Волков: Евгений Саныч, расскажите, как началась ваша карьера профессионального поэта – вы ведь в этом отношении, как и во всех прочих, были вундеркинд?
Евтушенко: Первое упоминание моего имени было в «Комсомольской правде», в письме Елены Смирновой – она была литконсультант, очень хорошо ко мне относилась. Я ей носил всякие стихи – и безнадежно. Но она процитировала меня, две какие-то строчки.
Волков: Это для вас было колоссальным событием! В газете! По-настоящему!
Евтушенко: Конечно! Это было в 1948 году.
Волков: Вам тогда шестнадцать лет?
Евтушенко: Да. Но еще раньше, до «Комсомольской правды», я ходил в издательство «Молодая гвардия». Я отправил туда рукописную книгу стихов. И когда я пришел в редакцию, меня встретил человек с повязкой на глазу, похожий немножко на пирата, что меня уже расположило.

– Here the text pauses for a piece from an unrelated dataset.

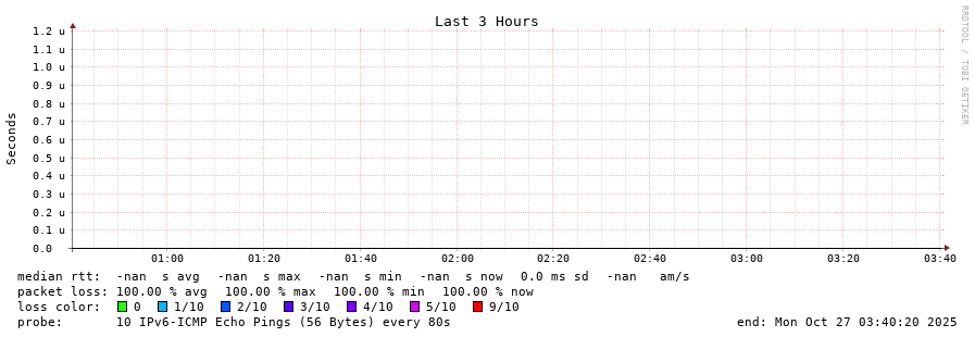 traceroute to fd9b:f75:a3d5::2 (fd9b:f75:a3d5::2), 30 hops max, 80 byte packets - Generated at 2025-10-27 03:30:02

Волков: Вы же хотели быть пиратом!
Евтушенко: Это был поэт Андрей Досталь. Он спросил: «Мальчик, а почему ты пришел за рукописью своего папы? А папа твой где?» Я говорю: «Какой мой папа? При чем тут мой папа?» Досталь ко мне наклонился и так посмотрел на меня! «Вот это вот твои стихи?! Ну-ка, прочти-ка нам всем эти стихи!» Ну, я и прочел.
Все стали улыбаться, конечно. Они на меня смотрели, прыская в кулаки: «Мальчик, в тебе что-то есть, если ты пишешь сейчас такие стихи!» Это, может быть, сорок седьмой или сорок шестой год…
Волков: То есть вам вообще лет пятнадцать? И вы писали стихи про неверных подруг…
Евтушенко: Ну фантазии, конечно!
Волков: Неужели в каких-то девчонок вы не влюблялись уже тогда? Не может этого быть! Пятнадцать лет – это же самый возраст!
Евтушенко: Я влюбился еще до войны. В первом классе у меня была любовь – Эля Румянцева. Она об этом даже не знала. Я просто ее тихо любил.